After we had our coffee, I took the opportunity to get some printer paper from the stationers on the High Street and also to get some cleaning products from one of the cut price stores. The weather had turned absolutely glorious by this stage in the late morning and as it turned out, we could well have enjoyed a turn in the park. But we are always happy to chat with our friends. Then it was a case of getting home and cooking our usual Friday meal of sea bass served on a bed of lettuce which is both quick and nutritious. In the afternoon, I went through a series of newspapers most of which seemed important at the time (all the events surrounding the death and subsequent funeral of the Queen) but could now safely be junked. However, I did find one or two health-related articles at the bottom of the pile which are certainly worth a good re-reading, filing away and then to be consulted regularly. One of these related to a recently published book in which the authors (who had worked in Worcestershire as it happens) were advocating a way in which one’s ‘hunger hormones’ could be tamed that would eventually help to tackle related problems of obesity, diabetes and related health conditions. From the account and four page excerpt given in ‘The Times’, this sounds a very interesting and no doubt evidence-led approach so I have orderd my copy of the author’s book which should be arriving tomorrow and which I shall study with some care and perhaps attempt to implement.

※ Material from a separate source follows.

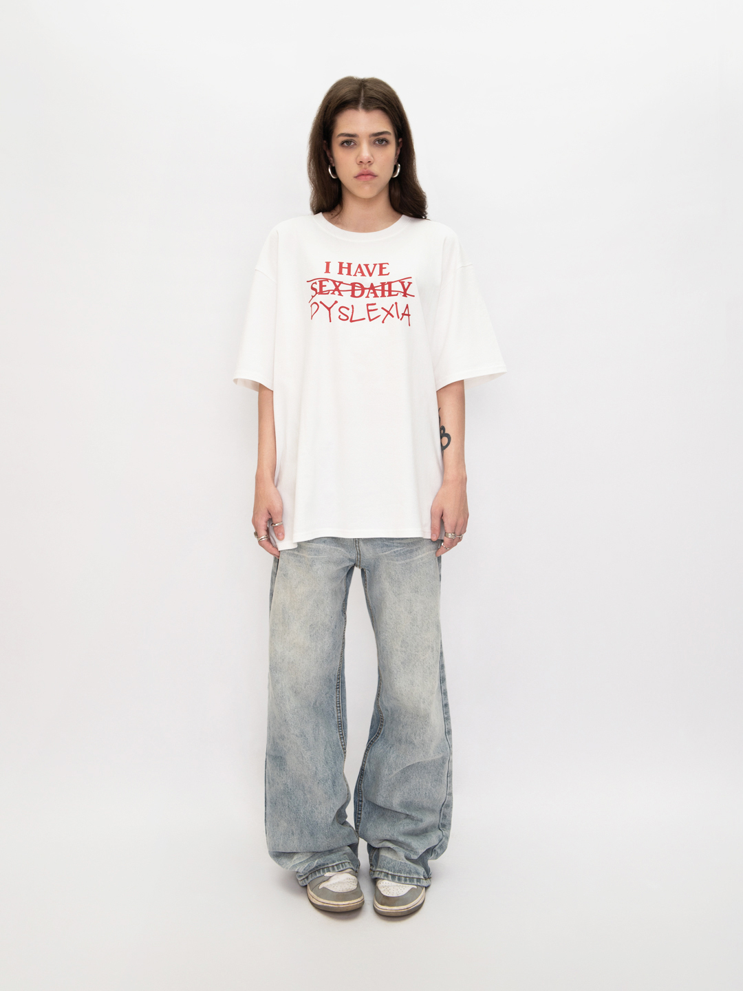 'Dyslexia' — ироничный принт, который точно заставит вас улыбнуться. Вопрос «Где ты нашел такую футболку?» станет вашим лучшим комплиментом.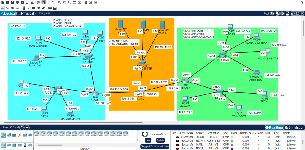 J’ai créer grâce à l’outil de simulation réseau CISCO PACQUET TRACER. Avec Draw.io, j’ai conçu une maquet que j’ai ensuite représenter tout en configurant les pc, switch, serveur, et routeur. Ainsi , j’ai acquis des solides connaissances de base  en  réseau.

Halfway through the afternoon, I read my emails and am delighted that one of my Hampshire colleagues has accepted my invitation to stay overnight with us on a night in late November whilst he on his way northwards to engage in a little research into family history. With the pandemic, we have not seen each other for years and have a lot to catch up so we are looking forward very much to his visit. A week later, Meg and I will hopefully to be attending an ‘Old Fogies’ lunch time get- together which will be the first for several years after an pandemic-induced abstinence. This meeting, too, has to be re-arranged twice as every time we settle on a date on a Wednesday, a rail strike seems to be announced for the same day so that efforts to find a communal date for us together has been frustrated. One video clip which is emerged this afternoon is the new Prime Minister, visiting a South London hospital in which one of the patients berates him and tells him that he should pay the nurses more and then he replies that the government is trying to achieve this is then told ‘Then you must try harder’ I suspect this clip will ‘go viral’ and I would be surprised if it did not find its way into the major news broadcasts this evening.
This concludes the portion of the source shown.